A mãe, de um canto, admirava-lhe estupefata a força e o valor. Tendo acabado aquele bonito serviço, João aproximou-se dela e lhe disse:
- Agora levo a coisa a sério, e quero na verdade saber quem é meu pai.
- Meu querido João, - respondeu ela, - temos de sair daqui e depois iremos à sua procura até o encontrar.
Tirou do bolso do chefe, sem grandes dificuldades, a chave da porta da caverna; enquanto isso, João foi buscar um grande saco e encheu-o de ouro, pedrarias e mais objetos de valor, produto das rapinas dos ladrões, carregou o saco às costas, e seguiu a mãe pelo corredor até à porta de saída. Quando se viram ao ar livre, em plena luz do dia, João ficou como que petrificado ao ver pela primeira vez o sol, as árvores, as flores, os pássaros cantando e saltitando por entre os galhos.
Quedava-se boquiaberto, maravilhando-se de tudo o que via.

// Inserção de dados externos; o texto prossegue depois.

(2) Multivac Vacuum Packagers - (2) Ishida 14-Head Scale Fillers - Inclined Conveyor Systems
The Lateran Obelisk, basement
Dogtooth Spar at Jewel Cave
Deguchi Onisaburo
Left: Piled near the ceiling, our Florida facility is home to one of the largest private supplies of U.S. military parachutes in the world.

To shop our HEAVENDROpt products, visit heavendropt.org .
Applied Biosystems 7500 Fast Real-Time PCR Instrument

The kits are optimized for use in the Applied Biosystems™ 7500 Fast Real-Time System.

A mãe procurou o caminho certo; encontrou finalmente o atalho que ia dar à sua casinha e em poucas horas lá chegaram.
Quando já estavam bem perto, viu o marido sentado na soleira da porta, de cabeça baixa e muito tristonho. Ao reconhecer a mulher, que se aproximava, qual não foi o contentamento do pobre homem! Chorou de alegria por vê-los e por saber que aquele rapagão era seu querido Joãozinho, pois de há muito os vinha chorando como mortos.
Entraram todos em casa e o pai não cessava de admirar o rapaz que, apesar de só ter doze anos, era mais alto do que ele uma cabeça. Quando João pousou o saco sobre um banco perto da lareira, toda a casa começou a ranger, o banco aprofundou-se no assoalho arrombando-o e foi rolar até à adega.

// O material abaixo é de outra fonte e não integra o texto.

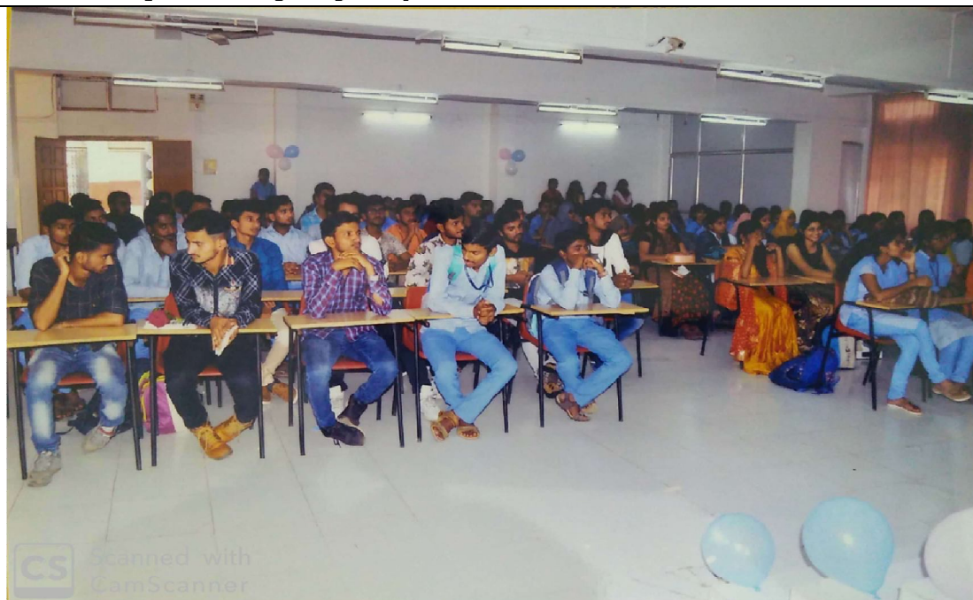
Students Participated in Inaugural Function of Dalton Association
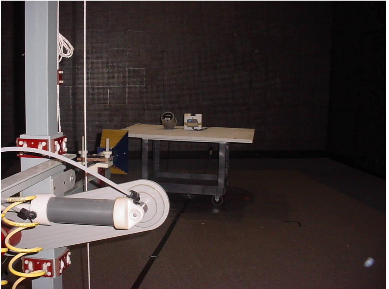
Figure 6: Test Setup Radiated Emissions - Intentional
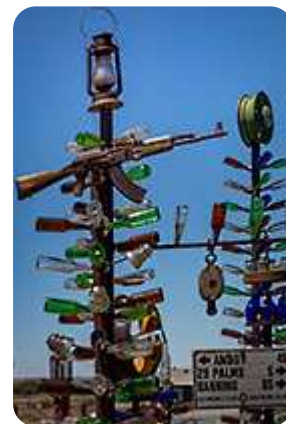
Elmer's Bottle Tree Ranch - Oro Grande

is flat with some slight ups and downs and with forests of cactus-trees left and right. The first intended stop is Cima. What should be a ghost town are one or two buildings with a small area that is not ac-

- Deus nos guarde! - exclamou o pai; que aconteceu? Estás a espatifar a nossa casinha!
- Não precisas ficar de cabelos brancos, meu pai, - disse João; - nesse saco há muito mais do que o necessário para construir uma casa nova.
E, com efeito, abrindo o saco, o pai viu o rico tesouro que ele continha.
João e o pai, imediatamente, puseram mãos à obra; foram comprar o necessário e começaram a construir uma bela casa; depois compraram numeroso gado e muitas outras propriedades. João pôs-se a cultivar as terras, e, quando puxava a charrua, os bois quase que não tinham de fazer força, por tal modo manejava o instrumento com vigor.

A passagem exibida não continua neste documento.